__DIRECTIONS FOR THIS TASK__. From the line containing "insonorizzante in polietilene" through the last line of the entries below, transcribe each line exactly, excluding any picture.

□ □ □ □ □ □ □

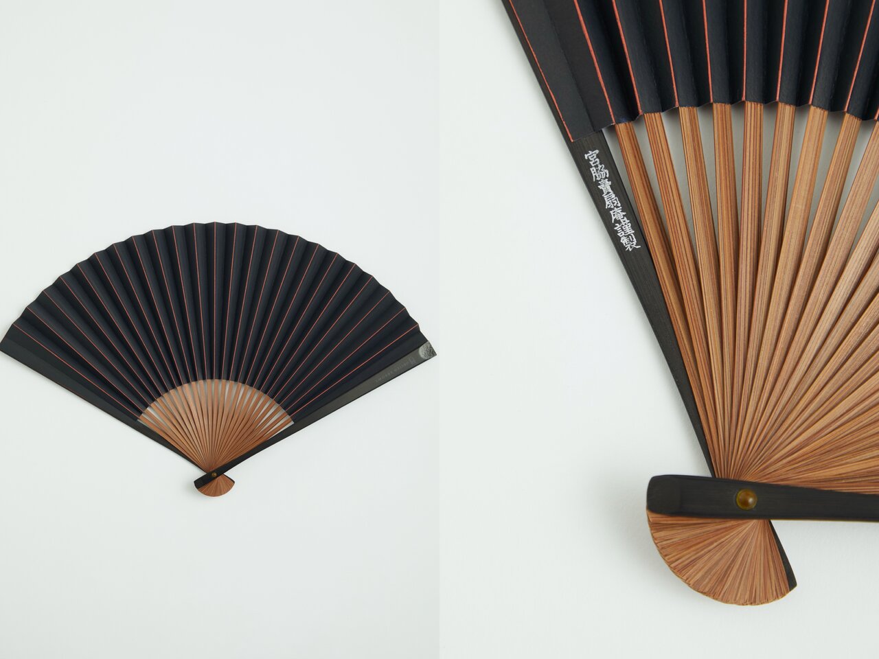 1823年創業の老舗、宮脇賣扇庵に色の組み合わせを指定した別注。コンセプトはドレススタイルに合う扇子。朱赤は扇子の歴史の中でも華やかで力強い色。日本画にも通ずる色の強さを感じる色。それをやや深みのあるシックな表情で表現頂き、スタイリングに馴染みやすいようにしています。
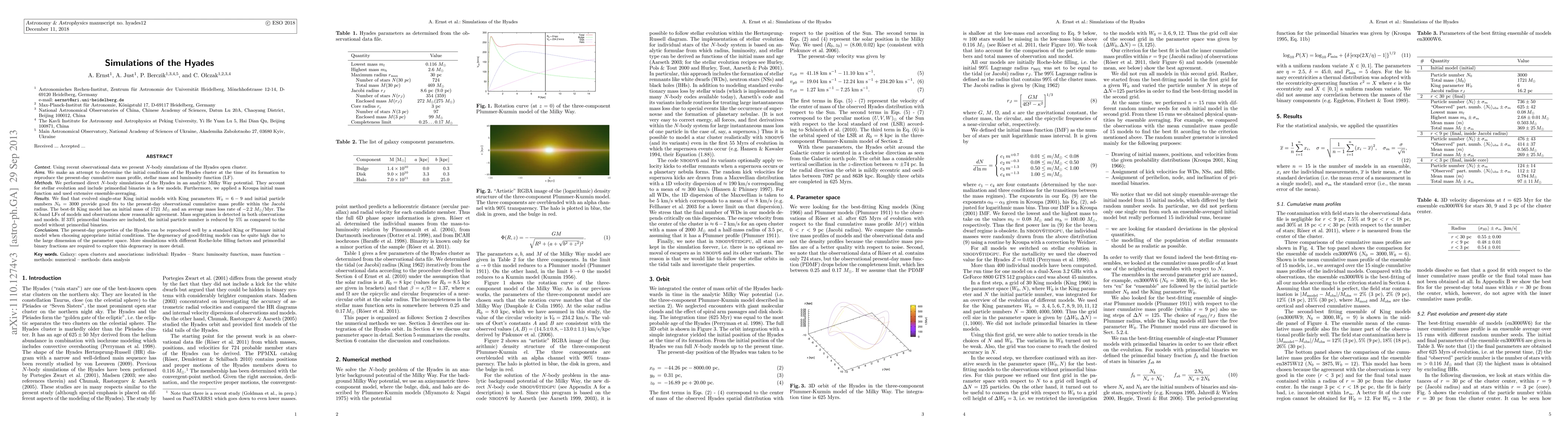 Context: Using the recent observational data of R\"oser et al. we present $N$-body simulations of the Hyades open cluster. Aims: We make an attempt to determine initial conditions of the Hyades cluster at the time of its formation in order to reproduce the present-day cumulative mass profile, stellar mass and luminosity function (LF). Methods: We performed direct $N$-body simulations of the Hyades in an analytic Milky Way potential that account for stellar evolution and include primordial binaries in a few models. Furthermore, we applied a Kroupa (2001) IMF and used extensive ensemble-averaging. Results: We find that evolved single-star King initial models with King parameters $W_0 = 6-9$ and initial particle numbers $N_0 = 3000$ provide good fits to the observational present-day cumulative mass profile within the Jacobi radius. The best-fit King model has an initial mass of $1721\ M_\odot$ and an average mass loss rate of $-2.2 \ M_\odot/\mathrm{Myr}$. The K-band LFs of models and observations show a reasonable agreement. Mass segregation is detected in both observations and models. If 33% primordial binaries are included the initial particle number is reduced by 5% as compared to the model without primordial binaries. Conclusions: The present-day properties of the Hyades can be well reproduced by a standard King or Plummer initial model when choosing appropriate initial conditions. The degeneracy of good-fitting models can be quite high due to the large dimension of the parameter space. More simulations with different Roche-lobe filling factors and primordial binary fractions are required to explore this degeneracy in more detail.
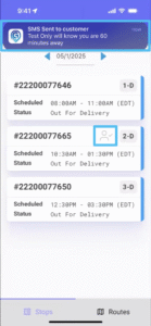If you select “No, Send SMS,” you will receive a notification indicating that a message will be sent to the customer, who will then receive a text message informing them of the anticipated arrival time.
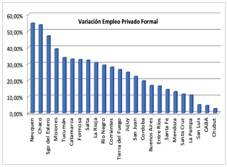 Según el Centro de Estudios para la Producción, Chaco y Neuquén fueron las provincias que más crecieron en empleo formal privado en el período 2007-2023, con un 53,6% y un 54,6% respectivamente. A diferencia de Neuquén, nuestra provincia no tiene Vaca Muerta.
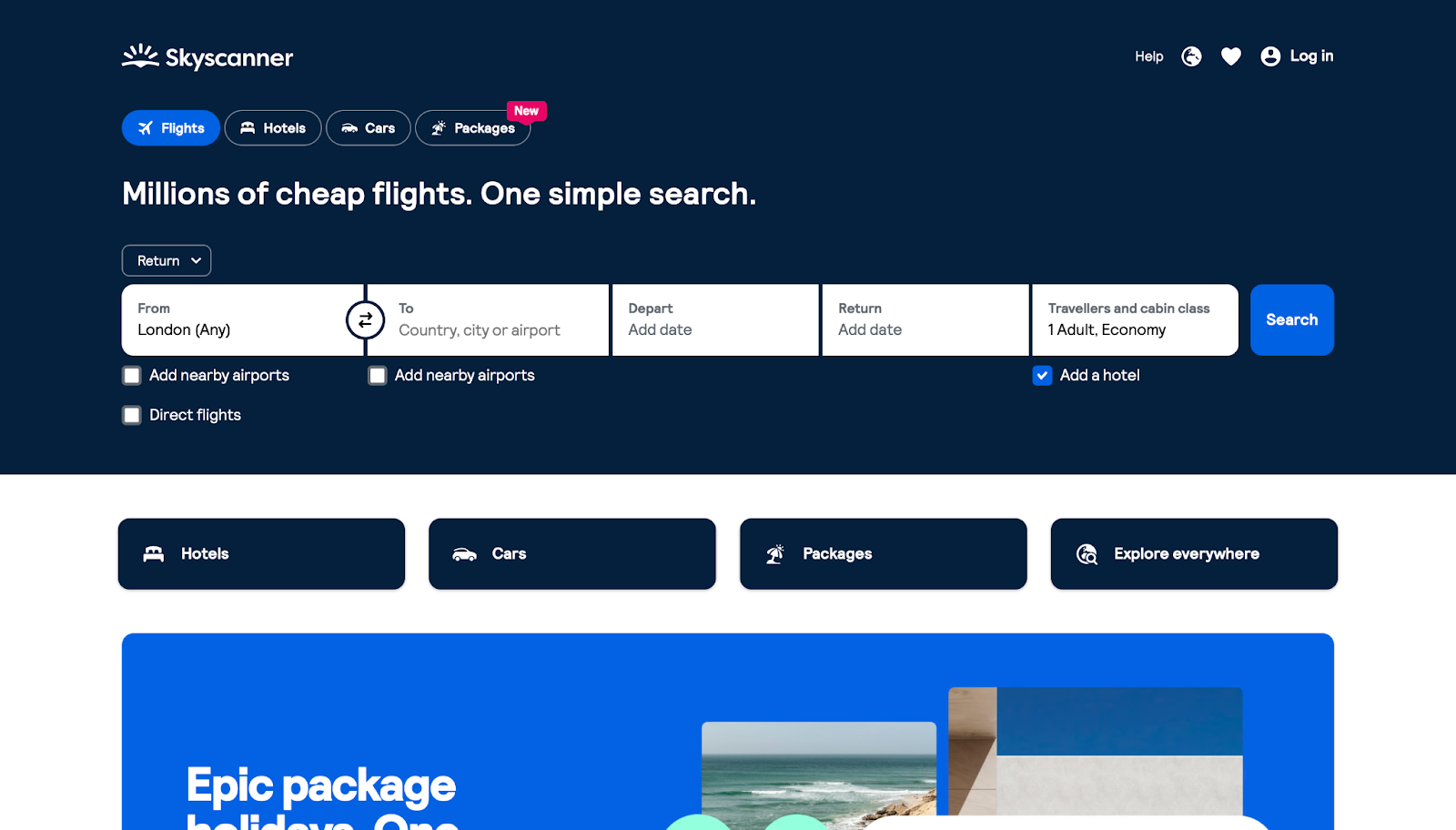 - Key features: Hacker fares, price forecast, flexible date searches, trip management.
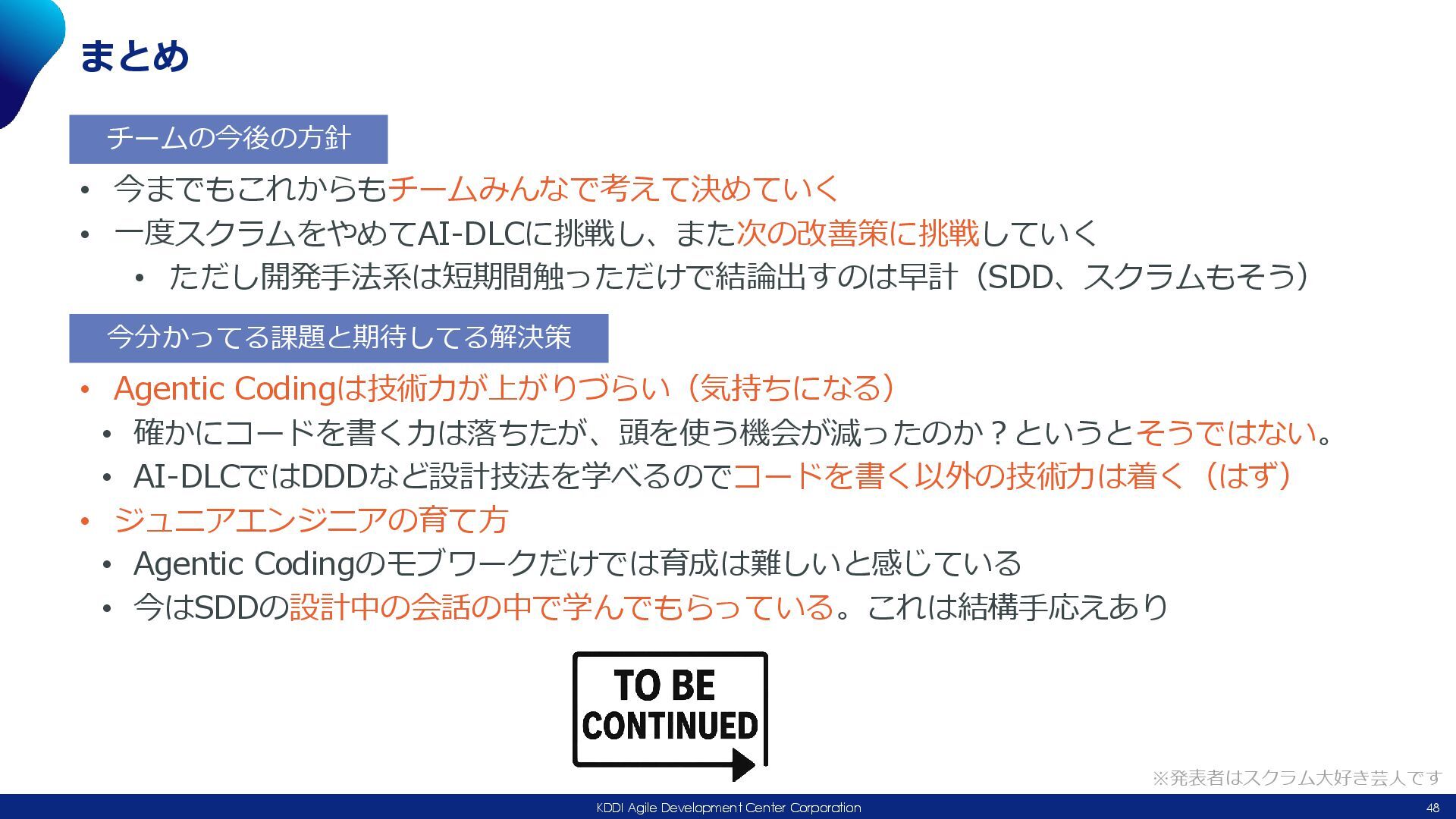 一度スクラムをやめてAI-DLCに挑戦し、また次の改善策に挑戦していく • ただし開発手法系は短期間触っただけで結論出すのは早計(SDD、スクラムもそう) チームの今後の方針 今分かってる課題と期待してる解決策 • Agentic Codingは技術力が上がりづらい(気持ちになる) • 確かにコードを書く力は落ちたが、頭を使う機会が減ったのか?というとそうではない。 • AI-DLCではDDDなど設計技法を学べるのでコードを書く以外の技術力は着く(はず) • ジュニアエンジニアの育て方 • Agentic Codingのモブワークだけでは育成は難しいと感じている • 今はSDDの設計中の会話の中で学んでもらっている。これは結構手応えあり ※発表者はスクラム大好き芸人です
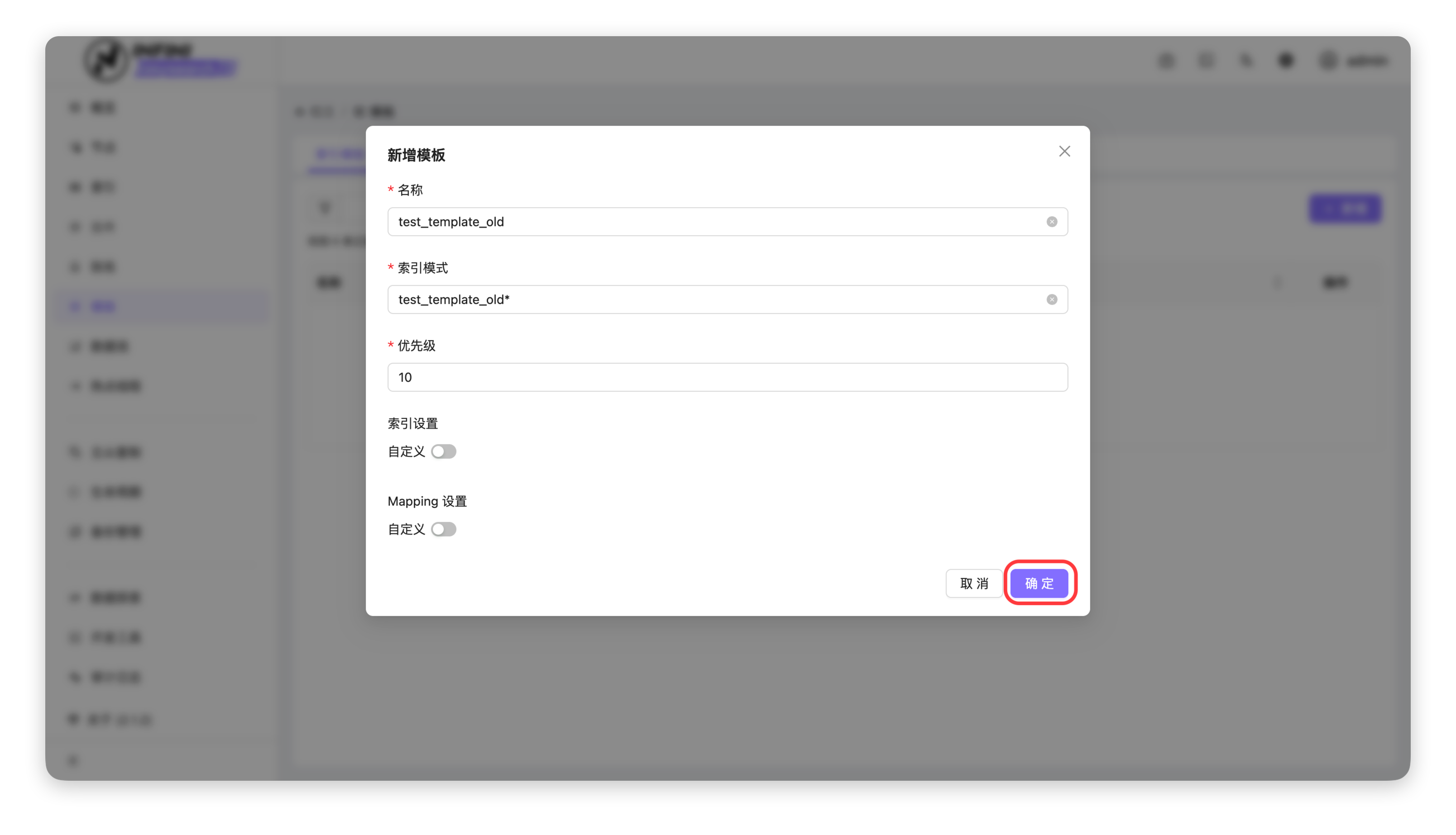 - 完成创建:配置完成后,点击「确定」按钮,系统将自动创建索引模板。
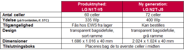 Vores partner LG Solar har annonceret tre ændringer i sit produktsortiment: NeON R Prime (Q1K-V5), NeON 2 BiFacial med 60 celler (N1T-V5) og den nye generation af NeON 2 BiFacial med 72 celler (N2T-J5).
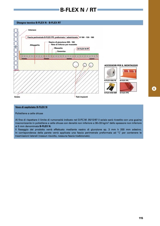 insonorizzante in polietilene a celle chiuse con densità non inferiore a 30÷33 kg/m
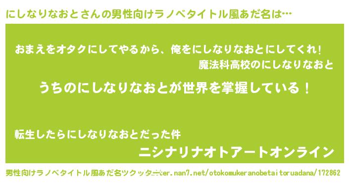 | ヘコむあだ名 | 『にしにー』『にしなりなおと(震え声)』 |

□ □ □ □ □ □ □

__SOLUTION FOR THIS TASK__.
 insonorizzante in polietilene a celle chiuse con densità non inferiore a 30÷33 kg/m
 | ヘコむあだ名 | 『にしにー』『にしなりなおと(震え声)』 |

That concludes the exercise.